Trata-se de ensaio que analisa o contexto de surgimento e de extinção das EIRELIS no ordenamento jurídico brasileiro, tendo como norte a função jurídico-econômica dessa forma de exercício da atividade empresarial.

sexta-feira, 27 de maio de 2022

Atualizado às 13:50

1. Introdução

A Lei do Ambiente de Negócios ("LAN"), lei 14.195/21, publicada no DOU em 27/08/21, provocou inúmeras alterações em matéria empresarial, com reflexos para uma farta gama de legislações correlatas, dentre elas: Código Civil, Lei do Registro Público de Empresas Mercantis, Lei da REDESIM etc.

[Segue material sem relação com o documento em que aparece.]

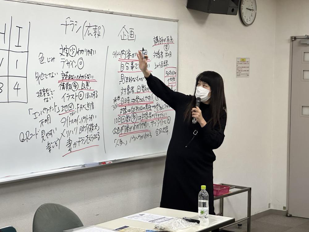 「全5時間ぐらいの講座であれば、本講座で紹介したチラシを見ながら企画について説明する内容、チラシのビフォーアフターの説明。さらにグループになって手書きのチラシを作成してもらう、というワークもあります。」また「終日コースで10時~16時というのもありですし、2時間×3回の連測講座もやっています。」 との回答をいただきました。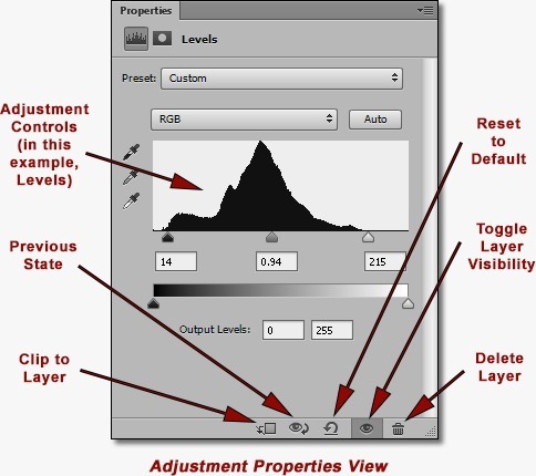 The Properties Panel has two “Views”, both tied to the active Adjustment Layer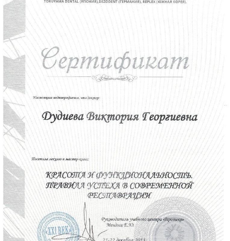 2012 — Ставропольский институт повышения квалификации «КарьераМедиФарм» (стоматология терапевтическая)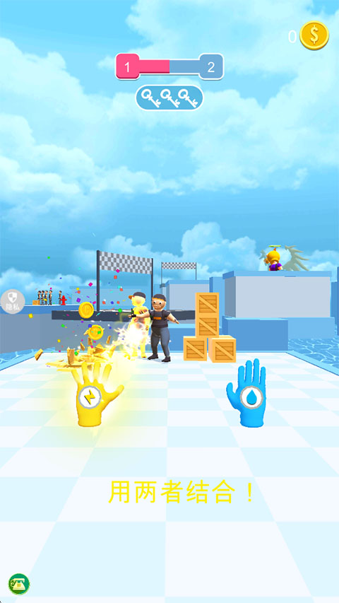 这游戏的核心卖点就是“解压”。敌人跟潮水一样一波波涌过来,你就在那挥挥手套,看着满屏幕的敌人瞬间蒸发,那感觉确实到位。操作简单粗暴,配合上花里胡哨的元素特效,视觉上和手感上都挺爽的。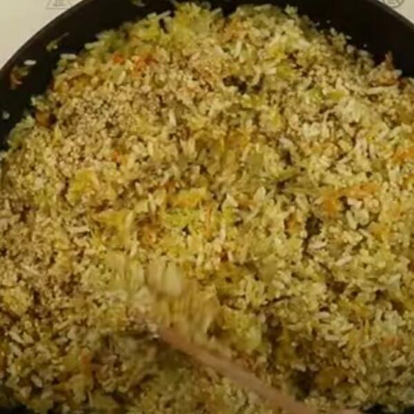 Dolijte pola litre vode i dinstajte dok pirinač ne bude na pola skuvan. Dodajte začine po ukusu, so, biber, vlašac, mlevenu papriku.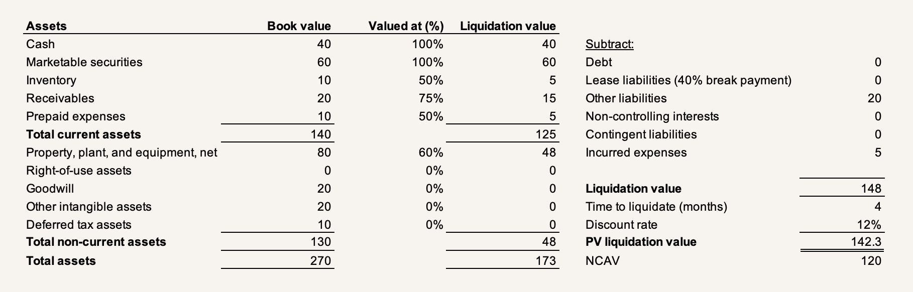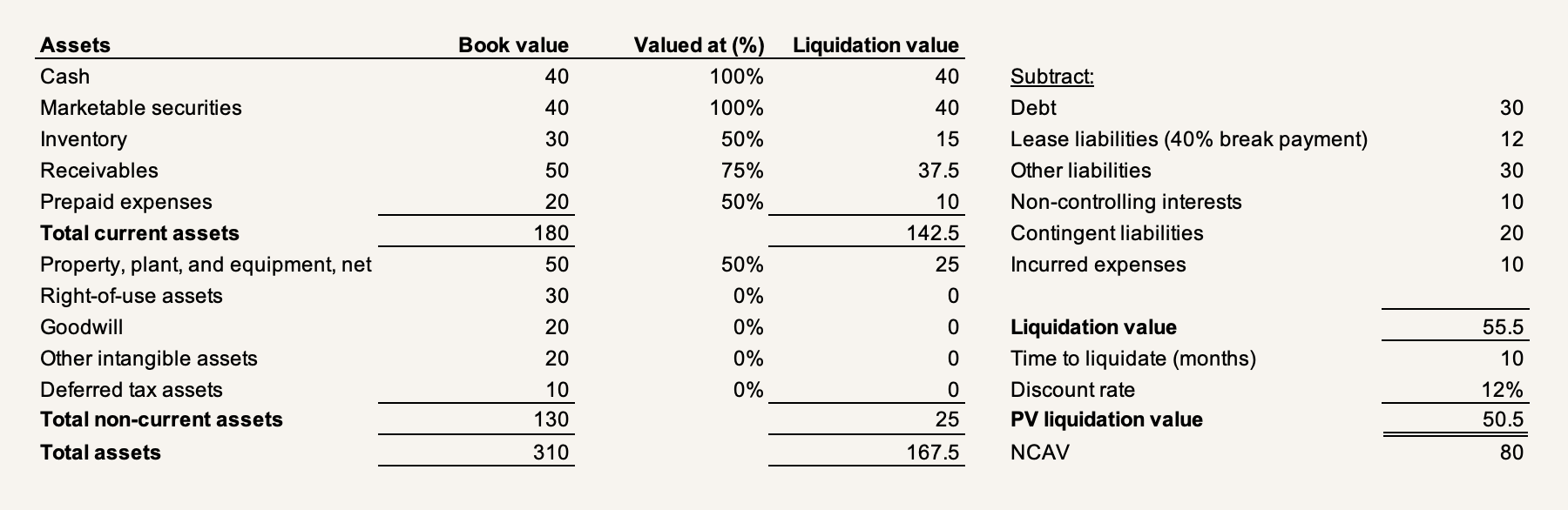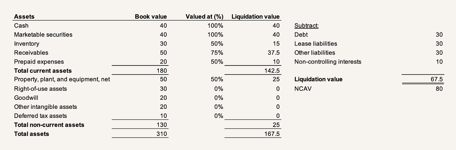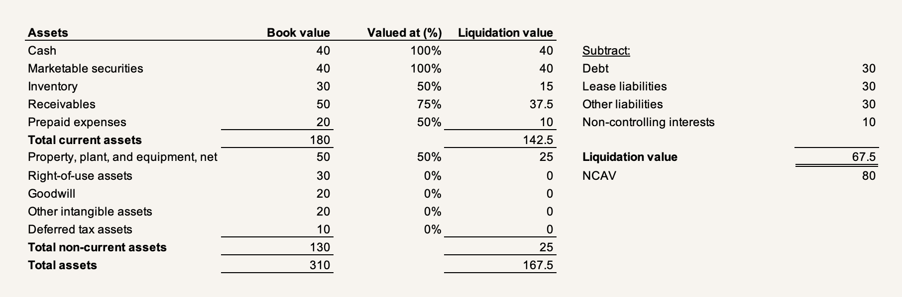 This means that, after digging into a net net, you gotta tweak the formula to get to actual liquidation value and evaluate each asset using common sense. In fact, an often-overlooked aspect of Ben Graham's teachings about net nets is that he often put safeguards in place, getting to a rough liquidation value by discounting receivables by some 25% and inventory by some 50%. By haircutting each asset individually, you might get a working liquidation balance sheet that looks like this (we'll continue tweaking this in the two other dimensions), so far reducing an NCAV of $80 to an actual liquidation value of $67.5: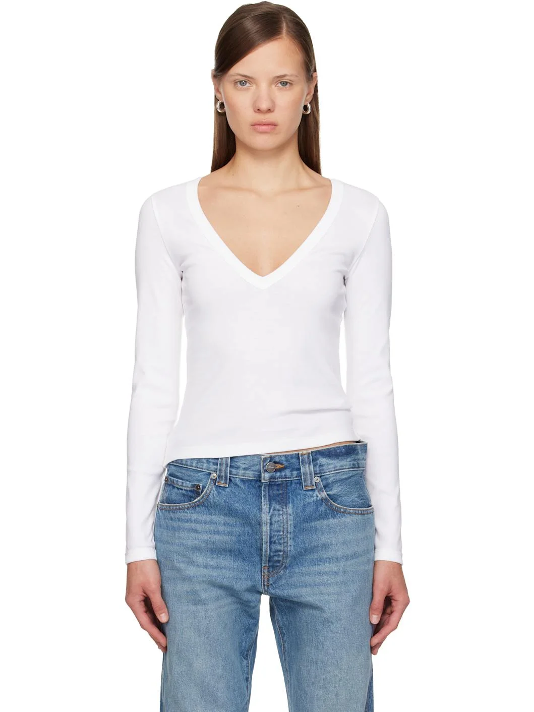 Organic cotton jersey T-shirt. · Rib-knit plunging V-neck and cuffs · Central seam at back Supplier color: White 100% organic cotton. Made in Portugal 261924F110054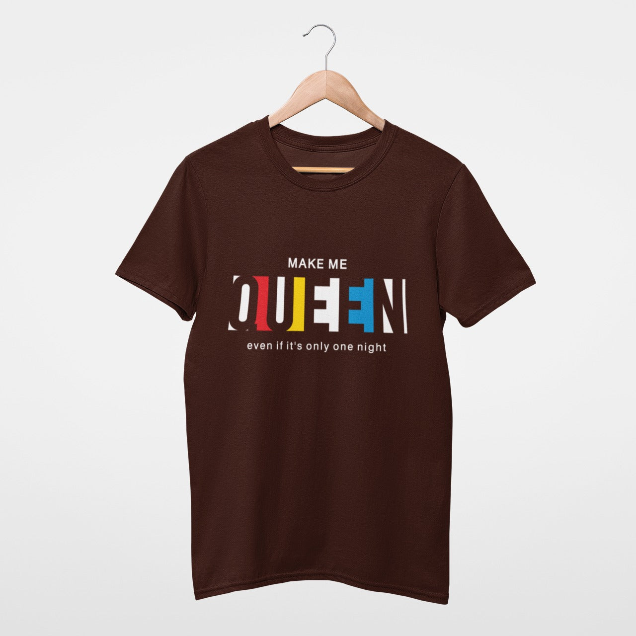 Introducing our captivating and empowering "Make Me QUEEN, Even if It's Only One Night" Cotton T-shirt, available in a range of stunning colors including black, red, brown, and navy blue. Crafted from premium quality cotton, this tee is more than just a piece of clothing – it's a statement of confidence, allure, and the undeniable power of self-expression.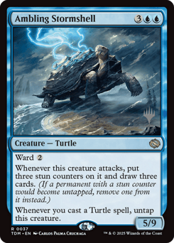 Ward {2} Whenever this creature attacks, put three stun counters on it and draw three cards. (If a permanent with a stun counter would become untapped, remove one from it instead.) Whenever you cast a Turtle spell, untap this creature.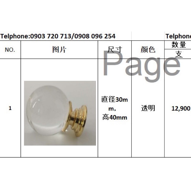 Tay nắm trân châuChất liệu: đế là sắt , trân châu là thuỷ tinh trong suốt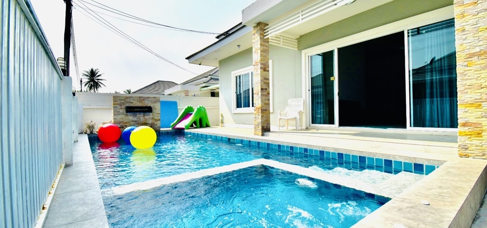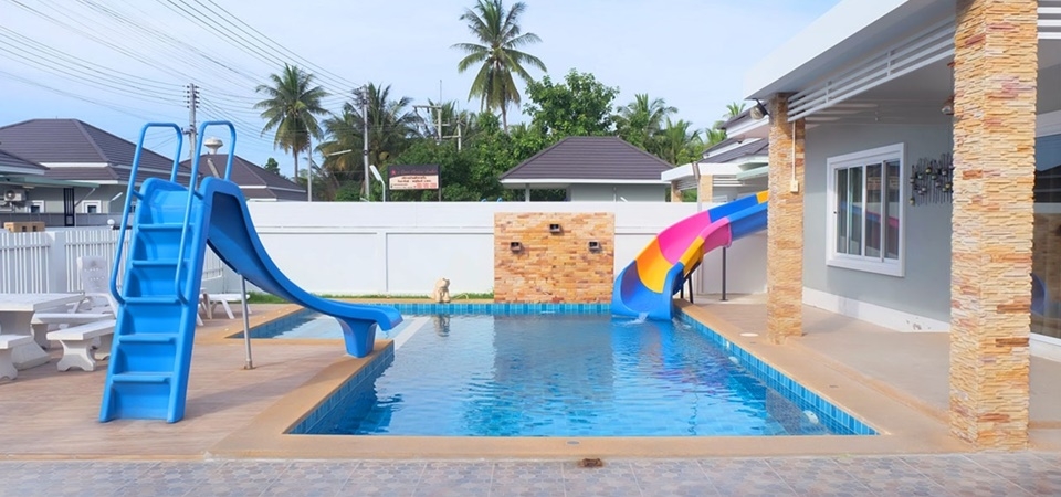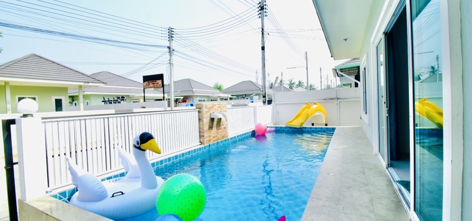 ตั้งอยู่หัวหินซอย 70 บ้านพักสไตล์โมเดิร์น สระว่ายน้ำส่วนตัว สไลเดอร์สุดเกร๋!! มีห่วงยางแฟนซี ขนาด 3 ห้องนอน 3ห้องน้ำ 1 ห้องนั่งเล่น รองรับลูกค้าได้ 12 ท่าน เท่านั้น บริการ!! คาราโอเกะ ไฟเธค แอร์ทั้งหลัง Wi-Fi ฟรี อุปกรณ์ครัว เตาปิ้งย่างครบ ปาร์ตี้เสียงดังได้ถึง 24.00 น.
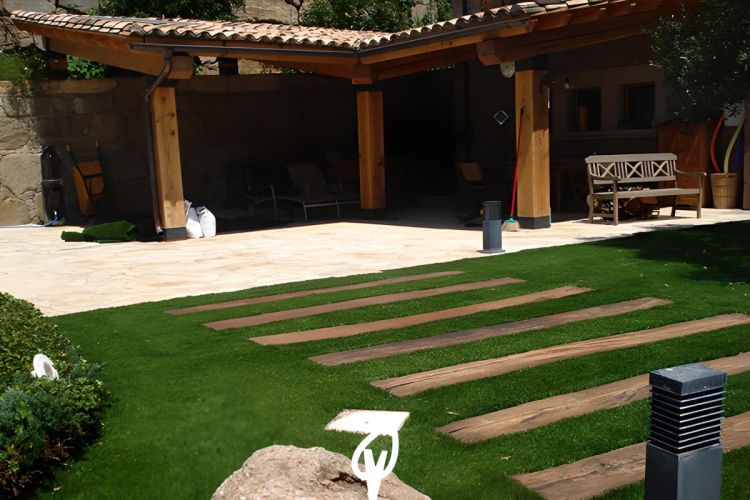 - Jardines y Paisajismo: Las traviesas ecológicas son ideales para crear bordes en parterres, senderos, escalones o incluso pequeños puentes en estanques. Su aspecto rústico complementa perfectamente los espacios naturales, añadiendo un toque elegante y auténtico.

Entre as alterações promovidas pela LAN, ganhou destaque a extinção das empresas individuais de responsabilidade limitada ("EIRELIS"), que foram inseridas no ordenamento jurídico brasileiro para estimular a atividade empresária pela pessoa que não desejava ter um sócio, mas queria exercer a atividade empresarial com separação de patrimônio, a fim de obter a limitação de responsabilidade.

Este ensaio fará breves considerações sobre o contexto de surgimento e características das EIRELIS, bem como sobre os motivos e movimentos que impulsionaram a sua extinção, tendo como norte a compreensão de sua importância jurídico-econômica para o Direito Empresarial.

2. Surgimento e Características da EIRELIS

Tendo como base os pequenos e médios negócios, exercidos por apenas uma pessoa, as EIRELIS foram introduzidas no sistema jurídico brasileiro em 2011, por meio da lei 12.441/11, que incluiu o inciso VI do art. 44 do Código Civil, instituindo a EIRELI como pessoa jurídica de direito privado, e o art. 980-A, caput e parágrafos, do Código Civil, que definiu e determinou as características das EIRELIS.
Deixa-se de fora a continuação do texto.